New Push to Drill Domestically as Saudis Slash Production

NEIL CAVUTO, HOST OF "YOUR WORLD": Meanwhile, to the guy who says that the only way to reverse this trend is to dig for oil, and fast. But even Todd Hornbeck says, best-case scenario, certainly with this continuing excuse of using this BP disaster anniversary as cover, we'd still be years from seeing fruits of our labors.

Good to have you back with us, Todd.


CAVUTO: And this is the week, of course, we look at I think Wednesday the anniversary of the BP disaster. That will again be, I guess, fuel to the let's not drill, baby, drill, argument, right?

HORNBECK: Well, I hope not.

It's been one -- it will be the one-year anniversary of the accident in the Gulf. And we've done a lot in this industry working with government to provide systems and procedures to never allow that to happen again.

We have two well containment systems now that are approved. And we're working very, very hard to get all of the equipment back running again.  I think we're much safer if the equipment is operating, rather than sitting idle by.

And let's face it. The world has always been consuming more oil and gas for the last 50 years. Just 20 years ago, it was stated that if we ever got over 75 million barrels a day in the world, it would not sustain itself. And now we are at 89 million barrels a day and climbing. So we really need to start drilling.

CAVUTO: So what do you make of Saudi Arabia then saying, as I raised with my last guest, we have an oversupply of oil, that's why we're cutting back?

HORNBECK: Well, I think any time you are dependent on someone else to tell you what you need to know, then you are in trouble.

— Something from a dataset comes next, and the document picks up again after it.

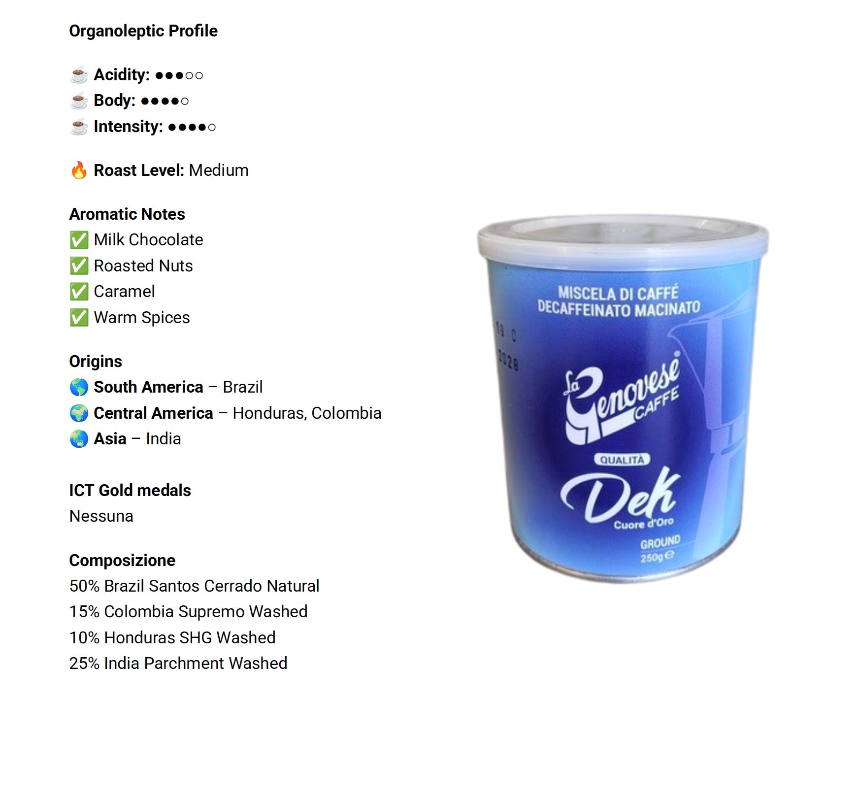 Deze complexe cafeïnevrije melange combineert bonen uit Brazilië, Colombia, Honduras en India. Het resultaat is een uitgebalanceerde koffie met een nootachtige basis, zachte tonen van chocolade en karamel en een vleugje zoetheid van rood fruit. Met een volle body en een rijke aanhoudende smaakbeleving behoudt deze melange de rijkdom van een premium koffie. Ideaal voor wie op elk moment van de dag wil genieten van heerlijke koffie.

I think we need our own energy security. We can do it and we're ready to go. We have the oil. We have the gas. We have all of the tools and the equipment and the people and the skills. And they're right here in the U.S. ready to go.

CAVUTO: Yes, we have -- we're sitting on all this stuff. You're right. We have got oil up the yin-yang, all around the country, outside the country, right along our coast, and we don't touch it. I wonder if a lot of these OPEC nations just laugh their you know what off.

HORNBECK: Oh, of course they do. Maybe they're cutting oil back because they don't think we can pay for it.

CAVUTO: Well, I think they're right, though, in that regard, right?

HORNBECK: Could be.

CAVUTO: They're trying to push us to the brink. So we're not going to change much.

I think, even if we were to commit and start drilling like crazy now, the payoff, while in the markets, they might trade down on the fact that more supply could be coming, we'd be in a bind for a while, right?

HORNBECK: I think if we really pressed on the accelerator and started doing an active program to say that we're going to become energy-independent or close to it, that it would change the game, it would change the negotiating table.

And we would have a lot more leverage than we have today. And I think you would be surprised on how fast that commodity price can come down. And it would be beneficial for the entire country, not only from security, but from inflation and prices and from an unemployment standpoint.

CAVUTO: Well, you're right. Markets do trade on sentiment, yes.

HORNBECK: I just don't understand why people don't have common sense.


CAVUTO: All right.

Well, this is Washington we're talking about, Todd. All right.


HORNBECK: Yes, you're right.

CAVUTO: All right, Todd Hornbeck, Thank you very much, Hornbeck Offshore's CEO.